TASK BRIEF =>
Go through the listing and set it down exactly, leaving out its pictures.

:: AVAILABLE DATA

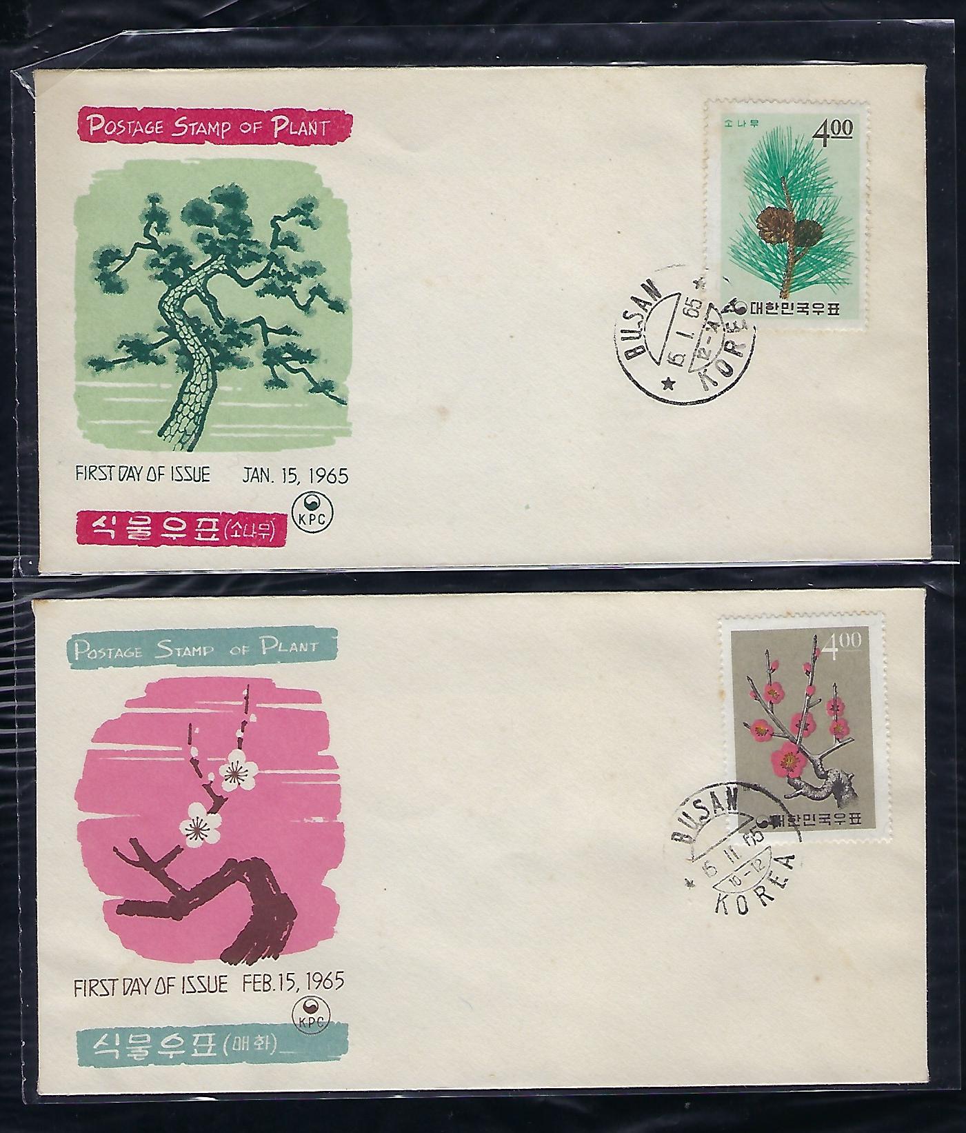 1965년 식물 시리즈 1집 소나무 매화 2완 초일봉투 (FDC)
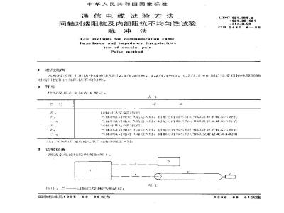本标准适用于用脉冲回波法测量2.6/9.5mm,1.2/4.4mm,0.7/2.9mm制造长度同轴电缆同轴对端阻抗和内部阻抗不均匀性。 GB 5441.4-1985 通信电缆试验方法 同轴对端阻抗及内部阻抗不均匀性试验 脉冲法 GB5441.4-1985 标准下载解压密码:www.bzxz.net
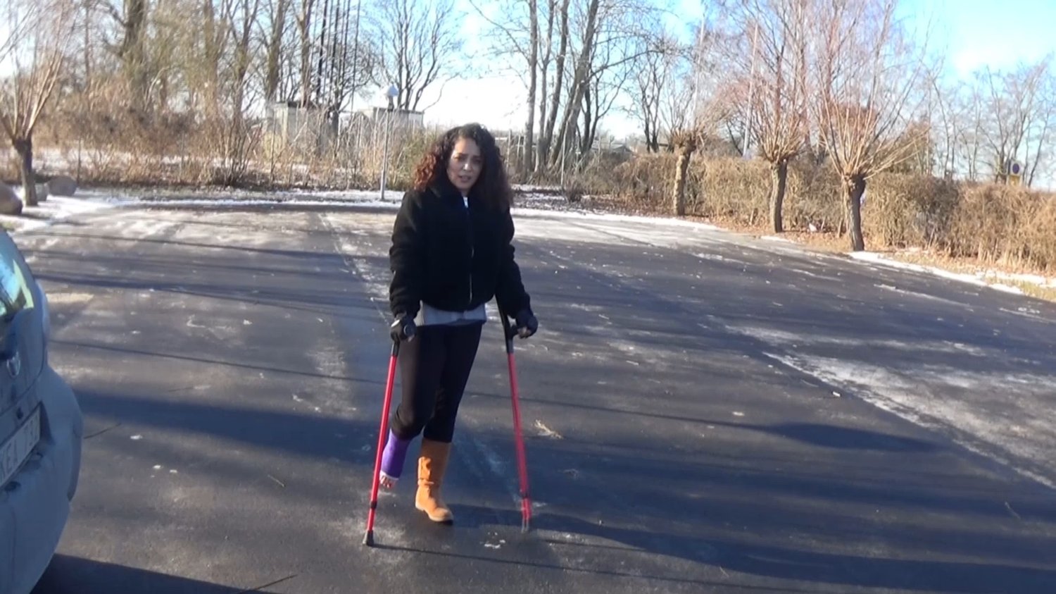 It´s a cold day in Sweden with some snow still on the ground when we say hello to our new model Alexie.Alexie has a purple SLC on her right leg but she has no sock over her toes even if it´s a bit cold for her.

::::

TASK OUTPUT =>
 1965년 식물 시리즈 1집 소나무 매화 2완 초일봉투 (FDC)
本标准适用于用脉冲回波法测量2.6/9.5mm,1.2/4.4mm,0.7/2.9mm制造长度同轴电缆同轴对端阻抗和内部阻抗不均匀性。 GB 5441.4-1985 通信电缆试验方法 同轴对端阻抗及内部阻抗不均匀性试验 脉冲法 GB5441.4-1985 标准下载解压密码:www.bzxz.net
 It´s a cold day in Sweden with some snow still on the ground when we say hello to our new model Alexie.Alexie has a purple SLC on her right leg but she has no sock over her toes even if it´s a bit cold for her.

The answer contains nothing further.